I am not sure that I understand all of what is going on in this area. Thus some observations that may help or not.

The problem you see with the incorrect interpreted file name is IMHO not so much about locale, but about character encoding. All file names in Linux should be encoded in UTF-8 since already a long time. Apparently some software here interprets the name as having another encoding.

The expression en_DE in your variables is a bit strange. I would expect de_DE for German as used in Germany. As you show it, it is English as used in Germany. I have no idea what the meaning is in this particular case and if many programs will support it. For me it is much clearer what e.g. en_AU means: English as used in Australia.

Thanks for helping out!

I found in KDE’s System settings -> Personalization -> Regional settings, that I have set:

  • Language: American English
  • Formats: Region Germany - English (en_DE)

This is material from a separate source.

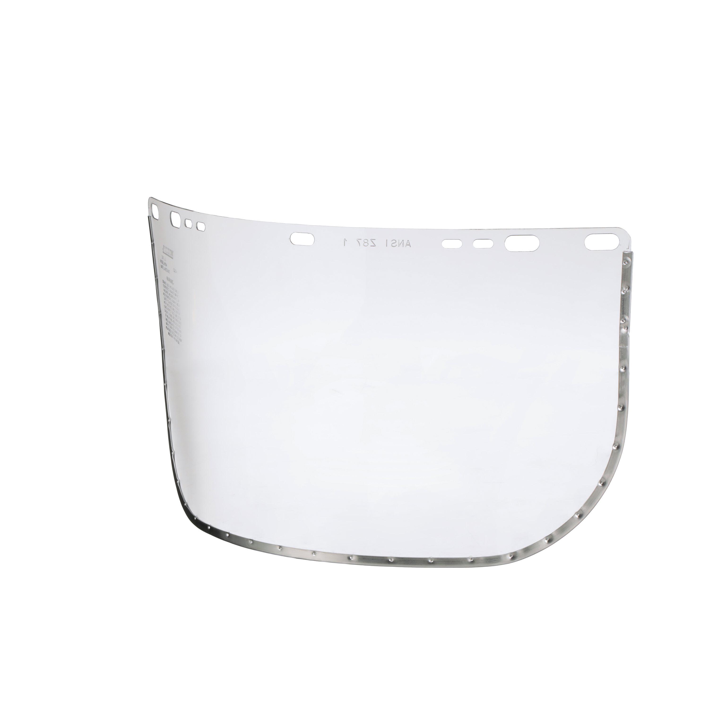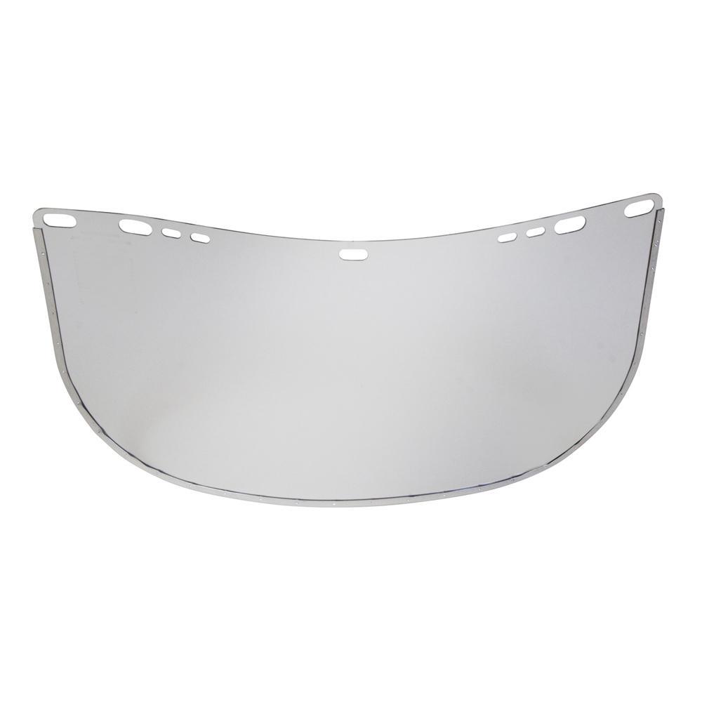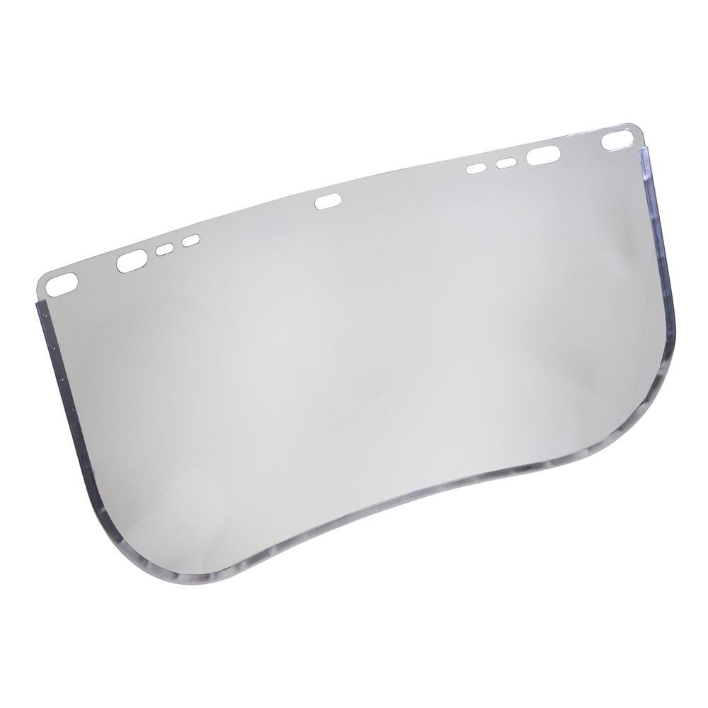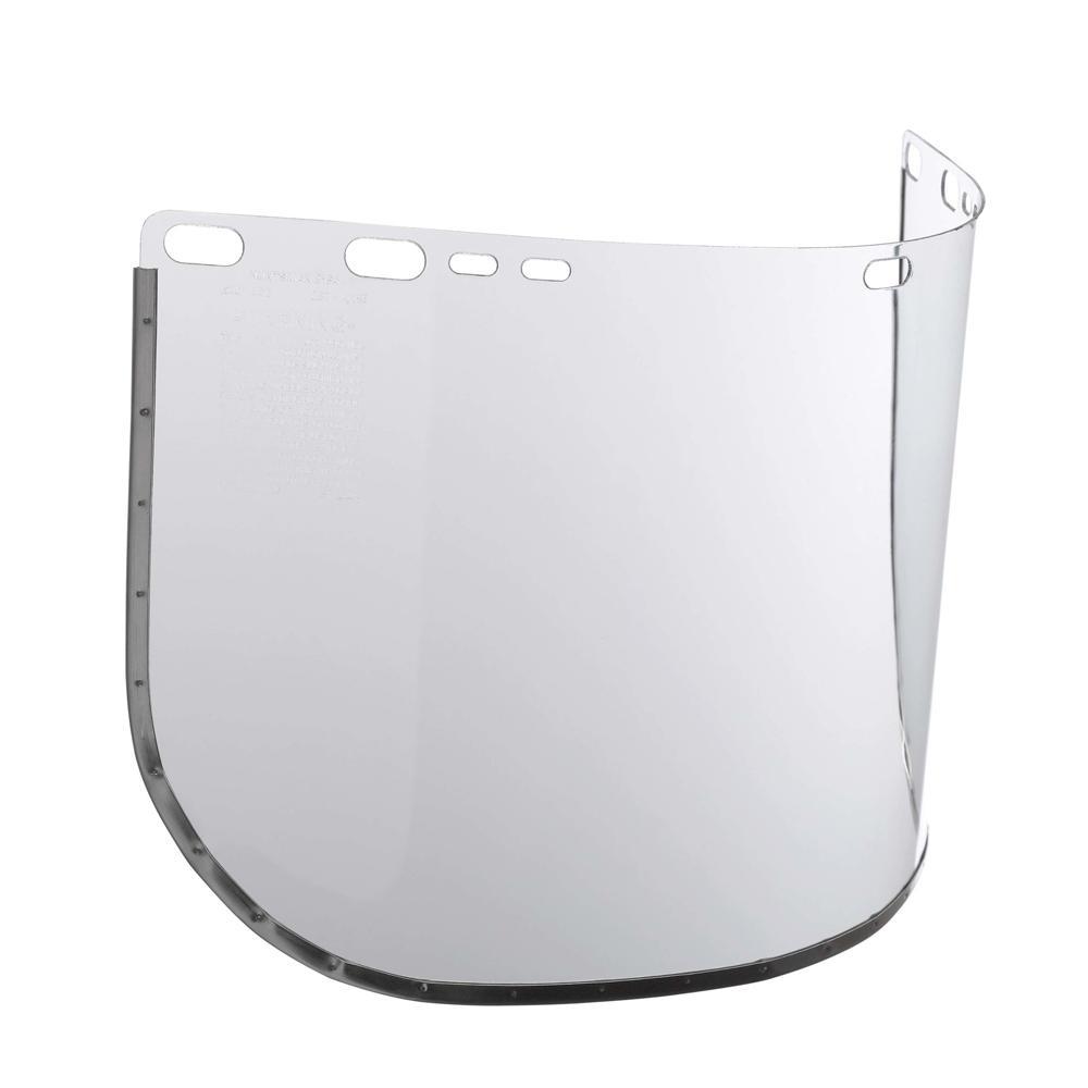 Jackson safety F30 acetate faceshield are designed to provide on-the-job protection from dust and splashes. Made of durable acetate, the face protection shield measures 8 in H x 15.5 in W x 0.04 in Thk and may be used over and over (depending on the task). The clear faceshield allows for maximum light transmission and visibility and is designed for use in light industrial manufacturing, general splash protection, landscaping and food processing. It’s compatible with the hard hat interchange system. It snaps into place on compatible headgear and hard hats - no special tools required. This model is bound with an aluminum brim, for ease of molding it to your chosen headgear

From what I understand, having chosen en_DE means that the format for numbers, currency, date and time etc will be according to German customs, but the content written in English. For example, here’s the difference between three different formats:


en_US:
Time: Sunday, August27, 2017 3:02 PM
Currency: 24 €

en_DE: 
Time: Sunday, 27 August 2017 15.02  
Currency: $24

de_DE:
Time: Sonntag, 27. August 2017 15.02
Currency: 24 €

In other words, I want to read in English, but the content formatted according to German customs.
This is the only place where I’ve found that en_DE is being used.

YAST
I’ve also found in YAST → System → Language, that I have “English (US)” set as primary language.
When I click Details → Detailed Locale Setting, I can further choose between a number of locales, such as en_AU, en_GB, en_NZ etc.

If I switch primary language to “German - Deutsch”, and then click on Details → Detailed Locale Setting, I can choose between de_AT, de_BE etc, but there is no en_DE.

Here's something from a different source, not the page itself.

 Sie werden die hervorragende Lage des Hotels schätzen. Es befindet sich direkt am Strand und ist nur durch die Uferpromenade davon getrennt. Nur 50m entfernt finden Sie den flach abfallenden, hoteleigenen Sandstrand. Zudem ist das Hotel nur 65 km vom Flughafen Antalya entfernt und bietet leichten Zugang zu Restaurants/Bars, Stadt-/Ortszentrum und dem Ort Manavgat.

Final note, in YAST → System → etc/sysconfig Editor → System → Environment → Language, there are a bunch of settings, among others RC_LANG, RC_LC_CTYPE and RC_LC_COLLATE.

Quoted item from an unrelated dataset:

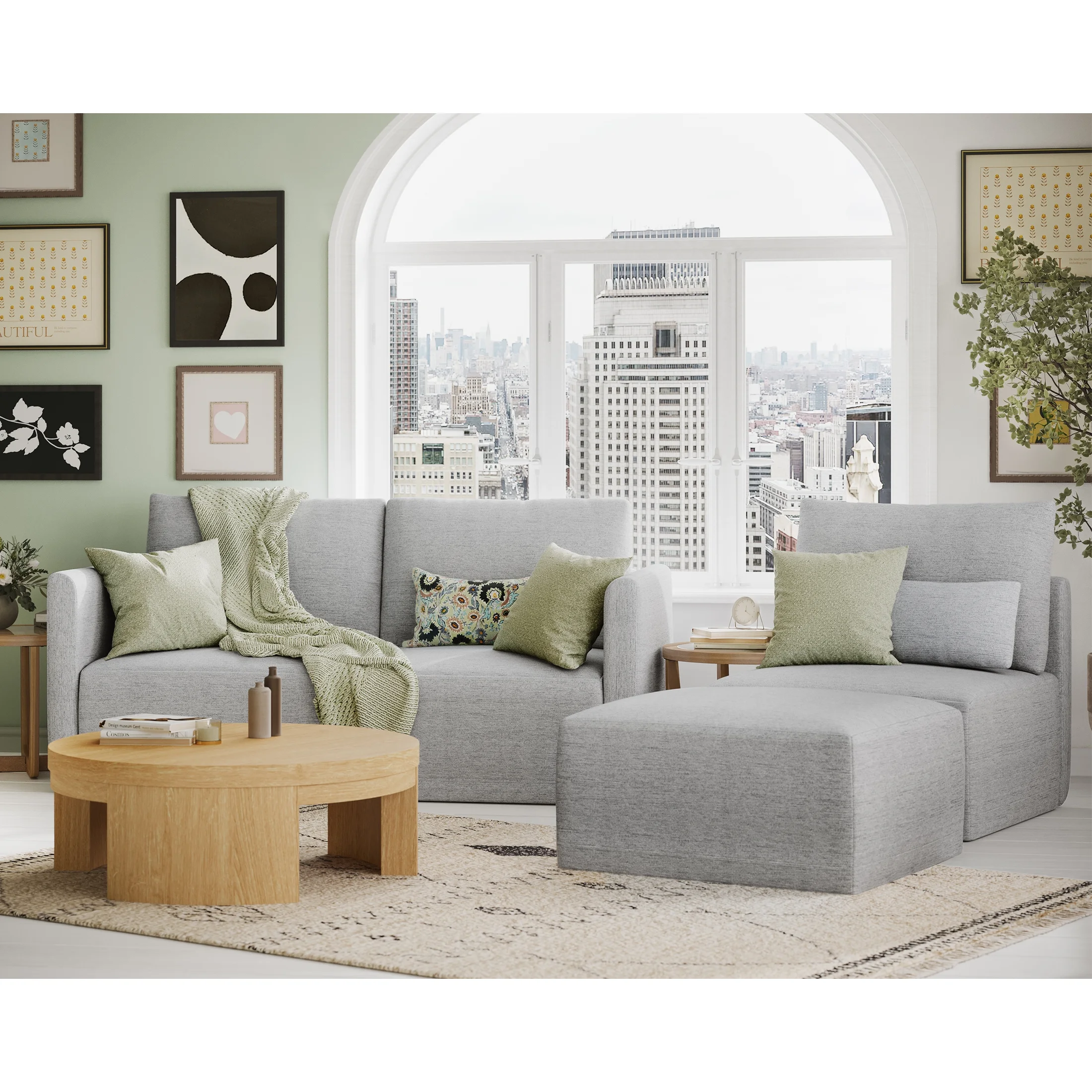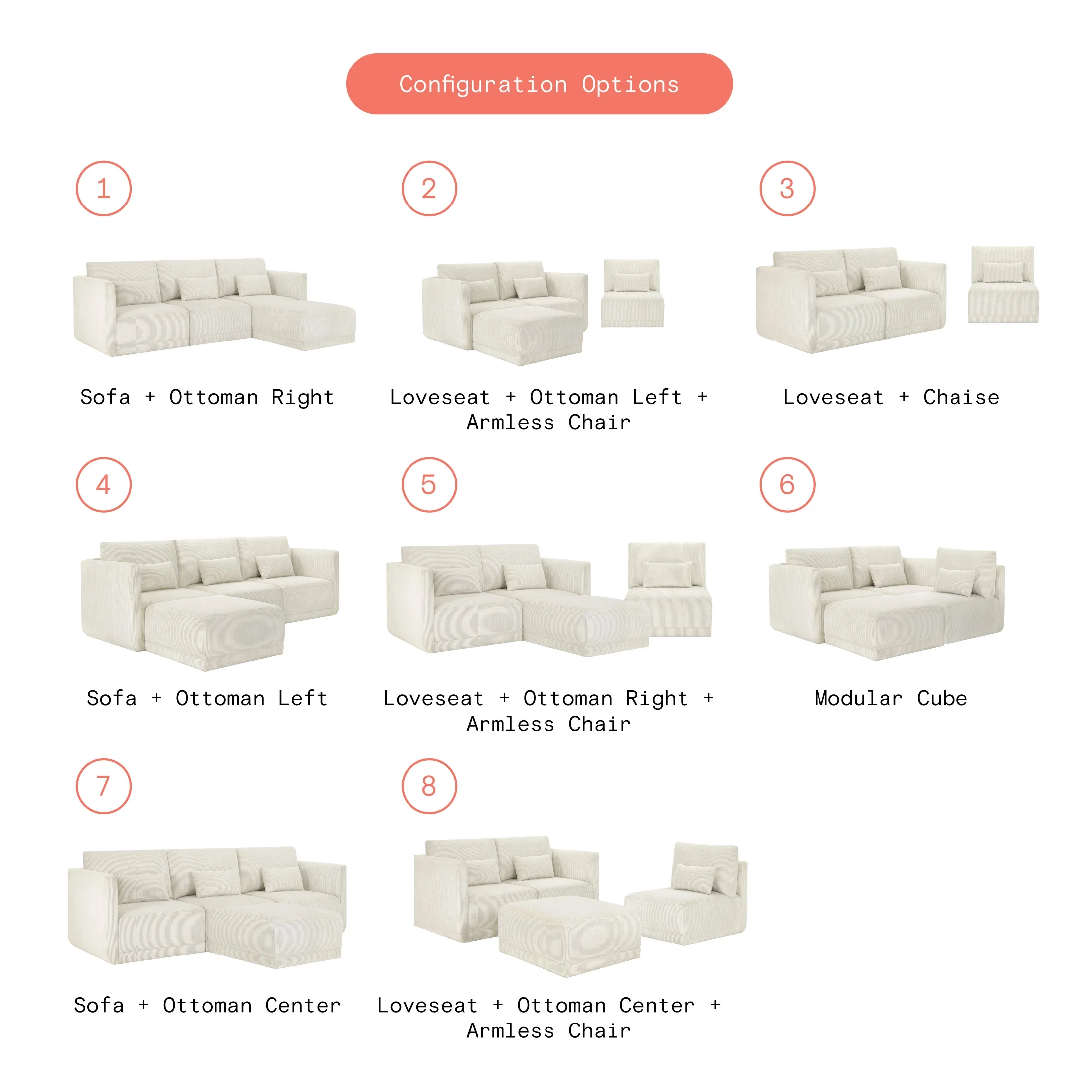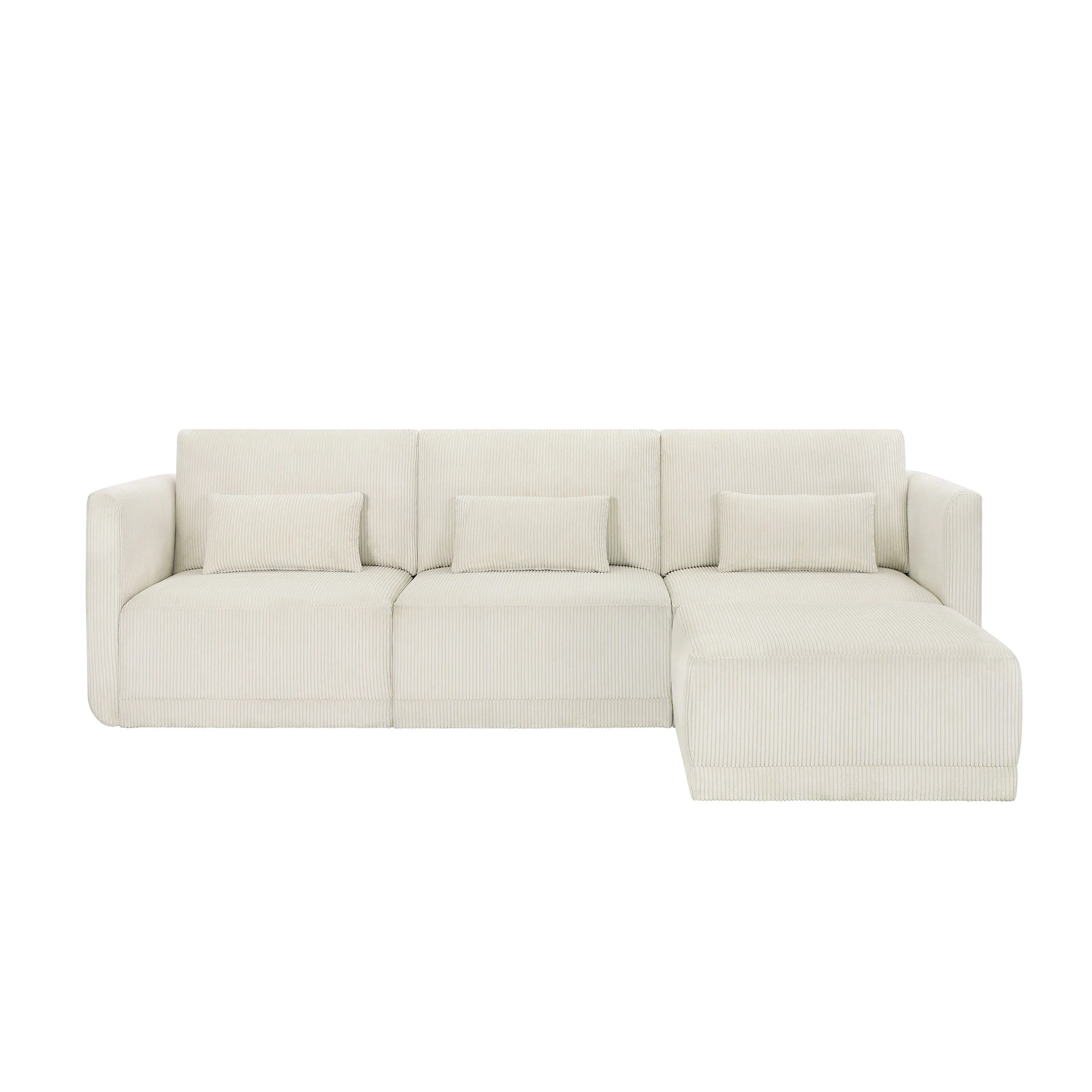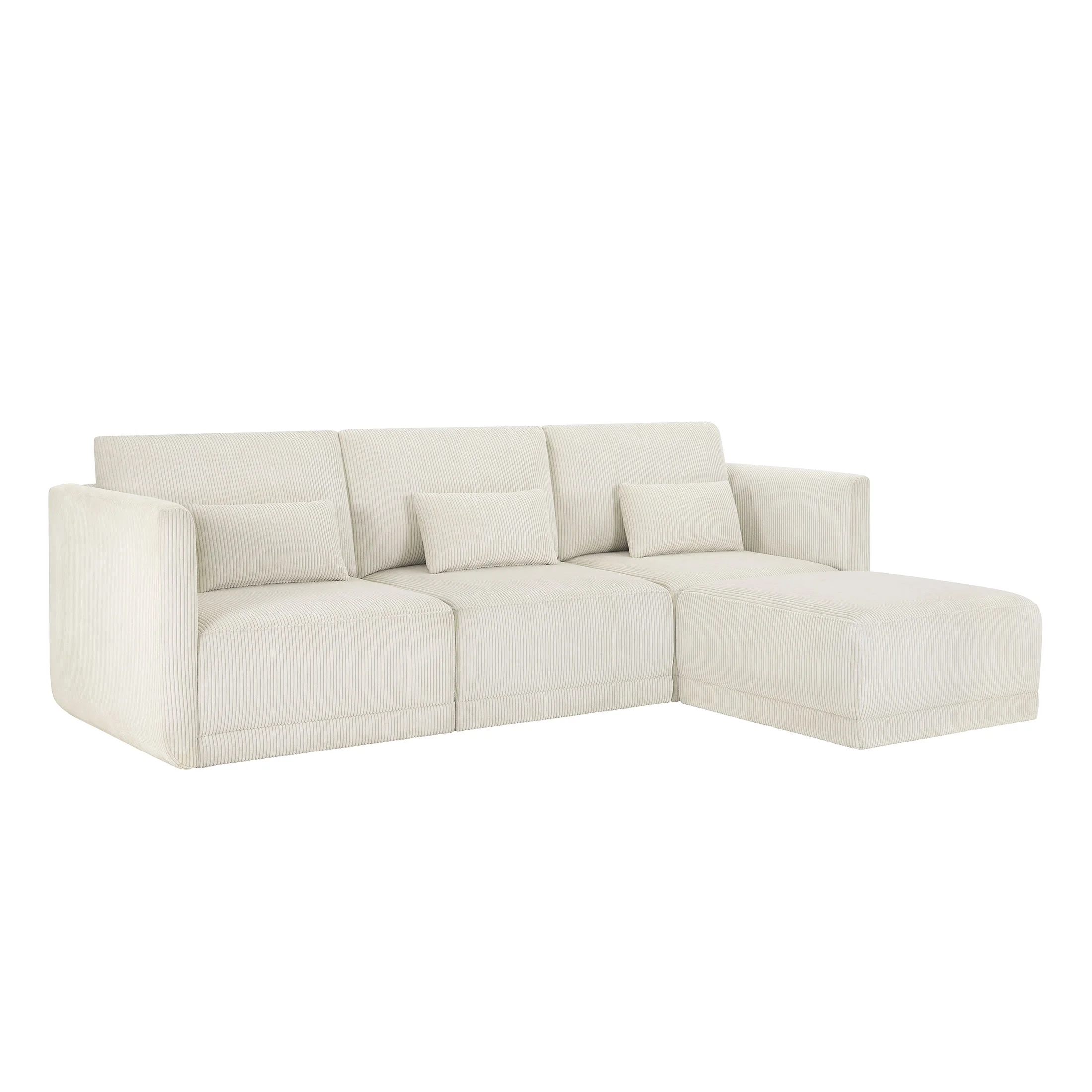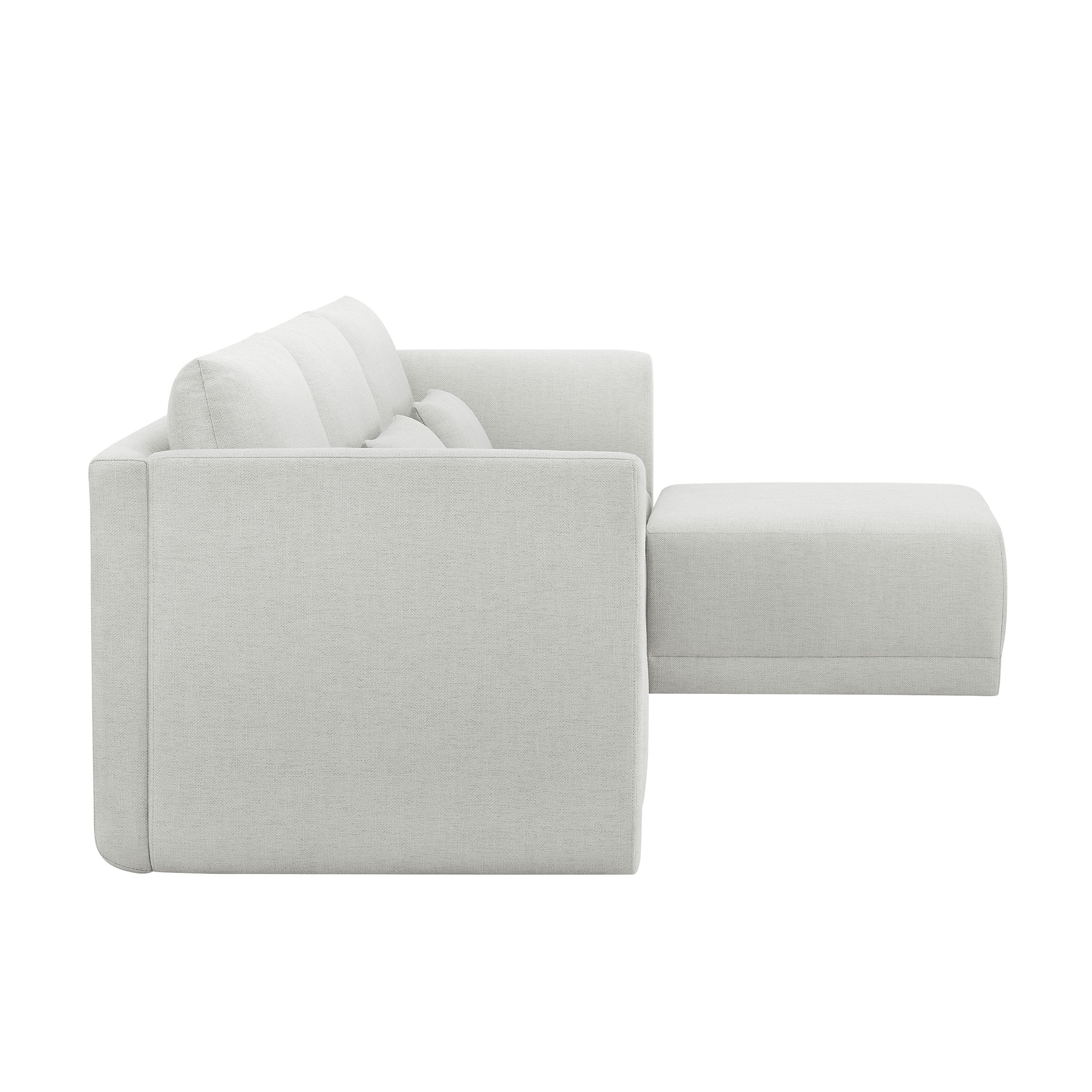 - Includes left wedge, armless chair, right wedge, ottoman and 3 small gray accent pillows

Since I don’t know what they stand for, I haven’t dared to experiment changing them. Under RC_LANG there is a explanation that goes:


File: /etc/sysconfig/language

Possible Values: POSIX, ca_ES.ISO-8859-1, ca_ES.UTF-8, cs_CZ.ISO-8859-2, cs_CZ.UTF-8, da_DE@euro, da_DK.ISO-8859-1, da_DK.UTF-8, de_DE@euro, de_DE.ISO-8859-1, de_DE.UTF-8, el_GR.ISO-8859-7, el_GR.UTF-8, en_GB.ISO-8859-1, en_GB.UTF-8, en_IE@euro, en_IE.ISO-8859-1, en_US.ISO-8859-1, es_ES@euro, es_ES.ISO-8859-1, es_ES.UTF-8, fr_FR@euro, fr_FR.ISO-8859-1, fr_FR.UTF-8, gl_ES@euro, gl_ES.ISO-8859-1, gl_ES.utf-8, hr_HR.ISO-8859-2, hu_HU.ISO-8859-2, hu_HU.UTF-8, it_IT@euro, it_IT.ISO-8859-1, it_IT.UTF-8, ja_JP.eucJP, ja_JP.UTF-8, lt_LT.ISO-8859-13, lt_LT.UTF-8, nl_NL@euro, nl_NL.ISO-8859-1, nl_NL.UTF-8, ru_RU.ISO-8859-5, ru_RU.KOI8-R, ru_RU.UTF-8, sk_SK.ISO-8859-2, sk_SK.UTF-8, tr_TR.ISO-8859-9, tr_TR.UTF-8, ko_KR.eucKR, ko_KR.UTF-8, zh_TW.Big5, zh_TW.UTF-8, zh_CN.GB2312, zh_CN.UTF-8 *or any value*

Default Value: 

Configuration Script: OpenOffice.org, groff, ispell, kde, kdm, profiles, susehelp, susewm, tetex, wdm

Description: 
Local users will get RC_LANG as their default language, i.e. the
environment variable $LANG . $LANG is the default of all $LC_*-variables,
as long as $LC_ALL is not set, which overrides all $LC_-variables.
Root uses this variable only if ROOT_USES_LANG is set to "yes"

Currently RC_LANG is set to en_US.UTF-8.

Hope the above is of any help. Any further thoughts/advice is much appreciated!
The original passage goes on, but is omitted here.